Reconstruction of functions

The reconstruction of functions deals with the establishment of functional equations. Some reconstruction tasks require differential calculus.

Example

We are looking for a second degree function that has an intersection with the y axis at $(0|-3)$ and a maximum point at $H(3|2)$.

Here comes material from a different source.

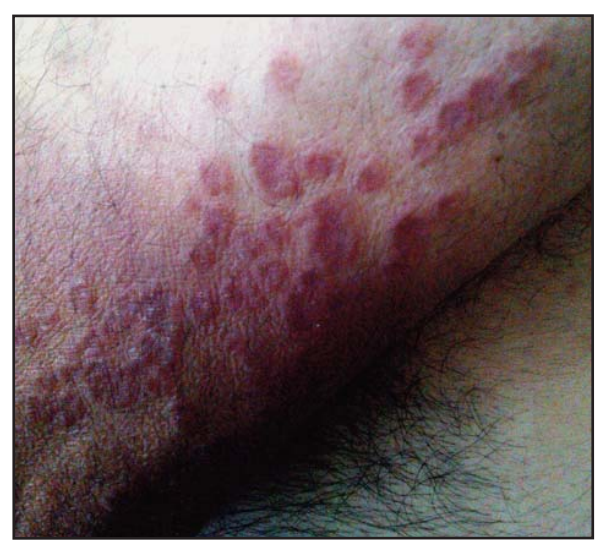
Figure 2. Annular erythematous papules and atrophic plaques with elevated border and on the arm

Histological examination revealed dermal infiltrate of multinucleated giant cells and macrophages, some of which contained fragments of actinically damaged elastic tissue (elastophagocytosis), and loss of elastic fibers in the center of the lesion. There was absence of necrobiosis and mucin ( Figure 3 ). Since the patient stated that topical treatments previously used were unsatisfactory, a treatment model of hydroxychloroquine 400 mg/d has been started and the patient is still in our follow-up.

1. Function and derivation

   A second degree function is a quadratic function. This looks like this:
   $f(x)=ax^2+bx+c$
   
   The derivative is also needed:
   $f'(x)=2ax+b$
   
   The goal is now to find the variables $a$, $b$ and $c$ with the given points.

2. Set up equations

   The other information is now used to build equations.
   
   The intersection with the y-axis $S_y(0|-3)$ is inserted into the function $f(x)=ax^2+bx+c$:
   $f(0)=-3$
   $a\cdot0^2+b\cdot0+c=-3$
   $c=-3$
   
   The same happens with the maximum point at $H(3|2)$
   $f(3)=2$
   $a\cdot3^2+b\cdot3+c=2$
   $9a+3b+c=2$
   
   The derivative is zero at maximum points.
   $f'(3)=0$
   $2a\cdot3+b=0$
   $6a+b=0$

3. Solve equations

   The equations can be solved with a system of linear equations.
   
   1. $c=-3$
   2. $9a+3b+c=2$
   3. $6a+b=0$
   First of all, the insertion method lends itself by inserting the I. equation into II.
   
   1. $9a+3b-3=2$
   2. $6a+b=0$
   There are now several possibilities, but the insertion process makes sense here. First change and then use.
   
   1. $9a+3b-3=2$
   2. $6a+b=0\quad|-6a$
      $b=-6a$
   II in I
   $9a-18a-3=2\quad|+3$
   $-9a=5\quad|:(-9)$
   $a=-\frac59$
   

4. Specify function equation

   The following variables are already known:
   $a=-\frac59$ and $c=-3$
   $b$ can be calculated with one of the equations:
   $b=-6a$ $=-6\cdot(-\frac59)$ $=\frac{10}3$
   
   The variables are used and we get the function we are looking for.
   $f(x)=ax^2+bx+c$
   $f(x)=-\frac59x^2+\frac{10}3x-3$